LookMa - thanks for the reply - everything you say makes sense and is EXACTLY what I suspected. The problem was that I received some contradictory info earlier in the thread. You are right on the mark about the fibers breaking at the end of the turret, that the problem I'm having. Every darn fiber I've ever put on my Spot Hogg has broken there.

Your answer does raise other questions. How do the .010 fibers work for hunting situations? Do they still show up fairly well in low light? Has anyone with aging eyes tried the .010 fibers?


----------



## CarpCommander (Feb 5, 2003)

I've posted this pic in a few other threads as well. It's taken from my stand, with no flash, no outside light, and no light on the sight. Just extended fibers. .010" size.

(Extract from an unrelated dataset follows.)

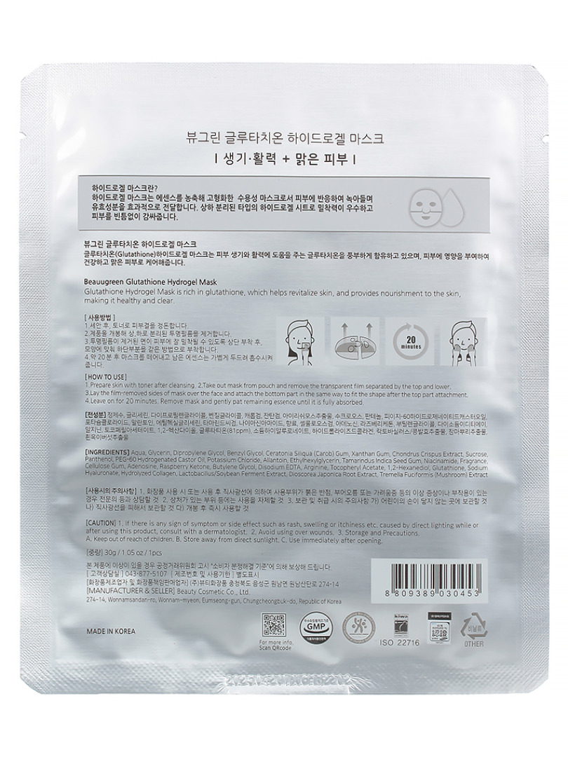 БГР Маска-патч гидрогелевая Beauugreen Glutathione Hydrogel Mask 30g

I have lit pins before and after legal light, and before and after there is enough light to identify what is even under me. These are BRIGHT. If you can't see these, you probably shouldn't be driving a car. If you can't see these, you probably can't see well enough to navigate through the woods to even find your stand-in other words, unless you are legally blind, you WILL see these. They are actually brighter than my old .019" fibers. :mg:


----------



## Jose Boudreaux (Oct 18, 2003)

Sitting in my stand this evening and sun had gone down behind the trees......I look around and it is getting dark cause I am in a thicket....then I look at my fitz fibers...nevermind...I got plenty time to hunt


----------



## gator (Aug 11, 2003)

I am either gonna send my Toxonics in, or get an Extreme Recon and send in to have this done. I saw a Spott Gog this weekend, had .019 pins, and it was BRIGHTER than my .029 on my Tox, and the pins looked to be the same size. DEFINATELY getting these done!!


----------



## ultraelite37 (Nov 14, 2006)

how much do they cost, and what's a good color to not disappear while at long ranges?


----------



## MoNofletch (Jul 28, 2003)

I put them on my TR Summit...they are AWESOME!!!


----------



## nater3 (Jul 3, 2005)

I was wondering if the shipping is still free? On the original post on AT earlier this year, shipping was free. However, when I went to order from the Fitz website, it shows that shipping is around $5. 
Nate


----------



## blitzer (Sep 15, 2005)

Nate3: Shipping is now $4.99 - free shipping unfortunately had to be discontinued because orders were untrackable by this method, and too many got lost. 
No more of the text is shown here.